ACTION ITEM:
The expected output is each line from the one containing "택배물품을 찾을 수 있다." to the last line of the data below, set down exactly, minus the pictures.

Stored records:

##########

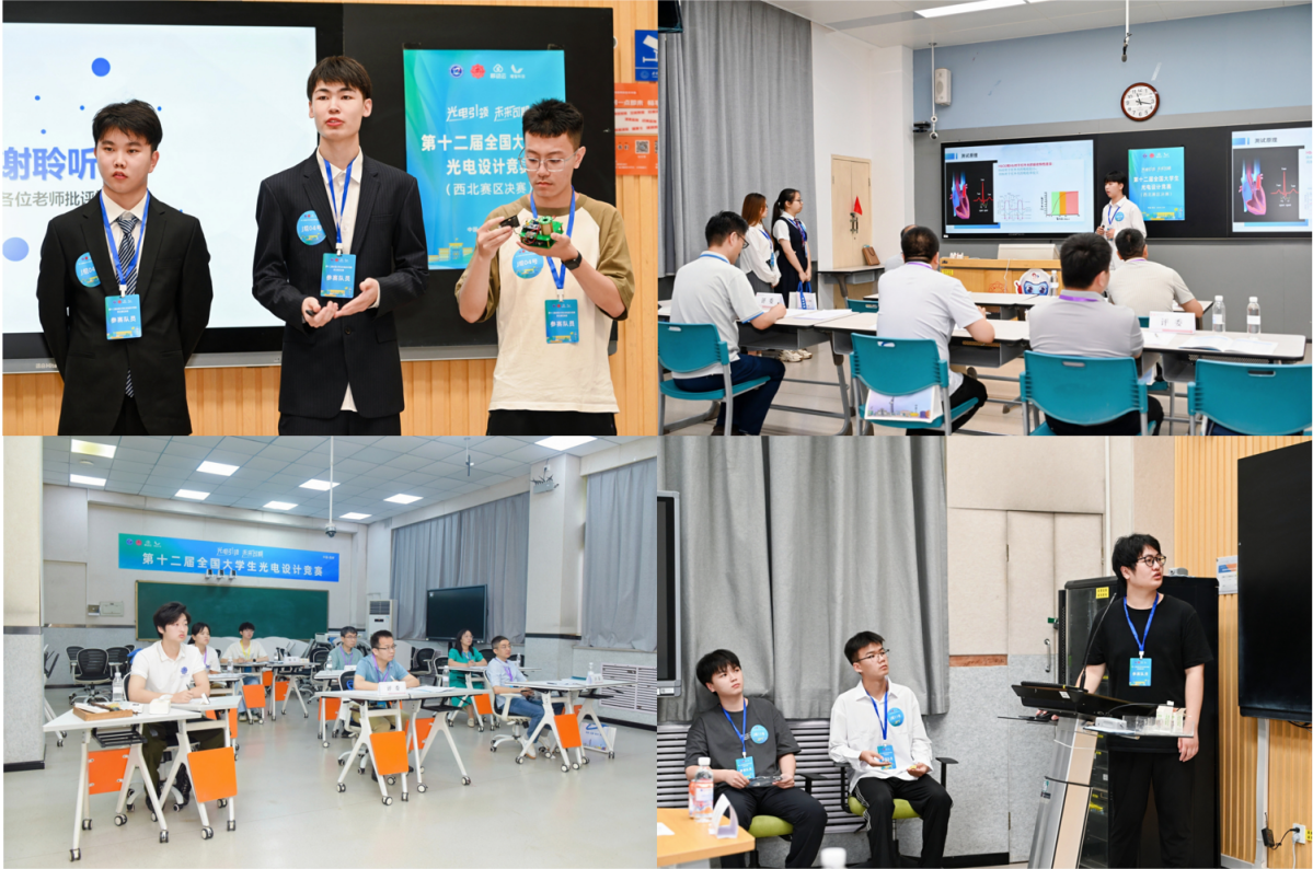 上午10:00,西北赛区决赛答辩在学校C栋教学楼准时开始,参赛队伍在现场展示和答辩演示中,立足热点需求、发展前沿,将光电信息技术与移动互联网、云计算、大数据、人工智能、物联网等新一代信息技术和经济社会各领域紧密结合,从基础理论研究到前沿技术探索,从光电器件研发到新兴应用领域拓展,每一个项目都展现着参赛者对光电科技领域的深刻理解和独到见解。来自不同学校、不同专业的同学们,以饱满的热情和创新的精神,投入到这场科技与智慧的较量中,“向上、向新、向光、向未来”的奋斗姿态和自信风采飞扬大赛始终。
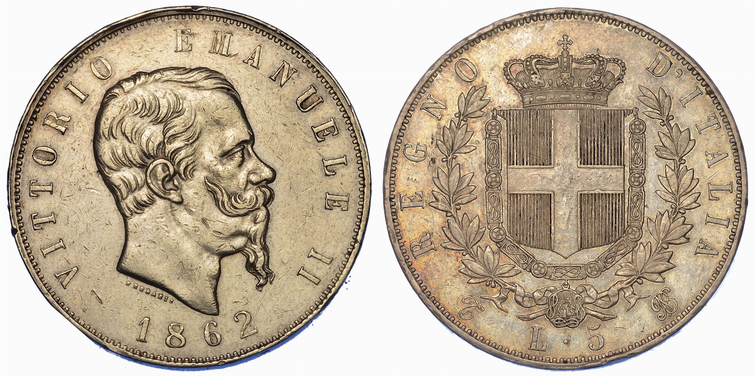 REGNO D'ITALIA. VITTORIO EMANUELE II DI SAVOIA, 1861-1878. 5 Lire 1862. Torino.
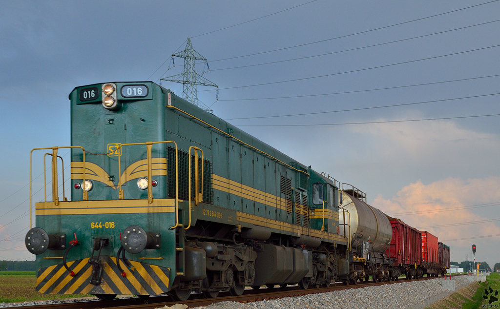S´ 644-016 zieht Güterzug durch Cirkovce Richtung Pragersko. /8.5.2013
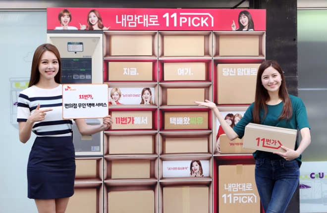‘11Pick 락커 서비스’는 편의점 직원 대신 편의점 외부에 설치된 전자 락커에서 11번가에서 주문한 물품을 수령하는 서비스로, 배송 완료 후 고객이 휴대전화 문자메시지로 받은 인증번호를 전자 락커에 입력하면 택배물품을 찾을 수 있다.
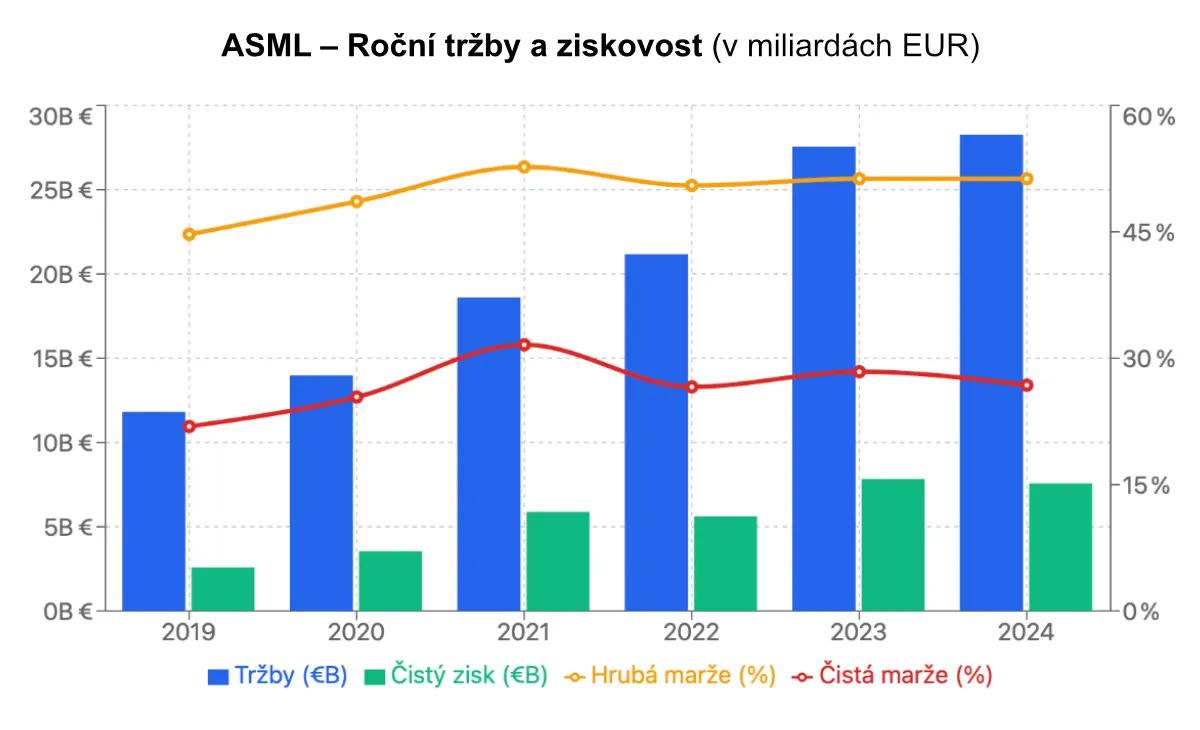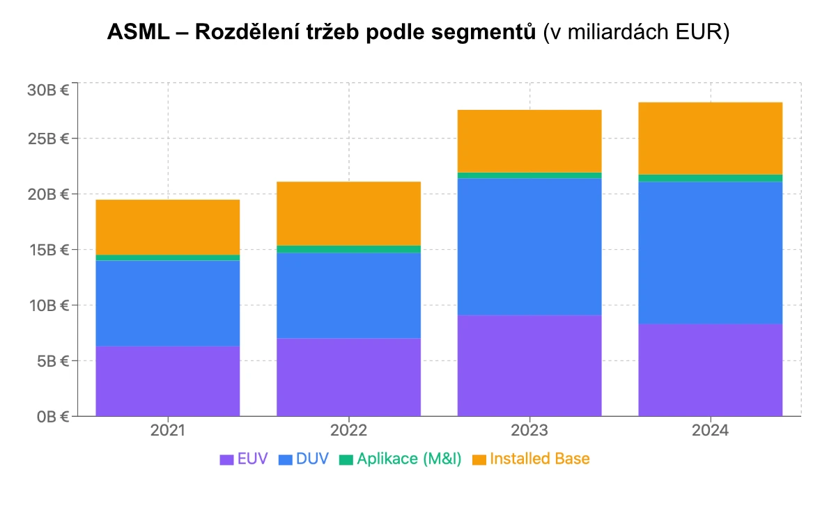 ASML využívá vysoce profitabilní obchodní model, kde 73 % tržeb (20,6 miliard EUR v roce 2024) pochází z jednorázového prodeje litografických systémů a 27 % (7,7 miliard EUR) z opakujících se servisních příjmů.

##########

EXERCISE RESPONSE:
‘11Pick 락커 서비스’는 편의점 직원 대신 편의점 외부에 설치된 전자 락커에서 11번가에서 주문한 물품을 수령하는 서비스로, 배송 완료 후 고객이 휴대전화 문자메시지로 받은 인증번호를 전자 락커에 입력하면 택배물품을 찾을 수 있다.
 ASML využívá vysoce profitabilní obchodní model, kde 73 % tržeb (20,6 miliard EUR v roce 2024) pochází z jednorázového prodeje litografických systémů a 27 % (7,7 miliard EUR) z opakujících se servisních příjmů.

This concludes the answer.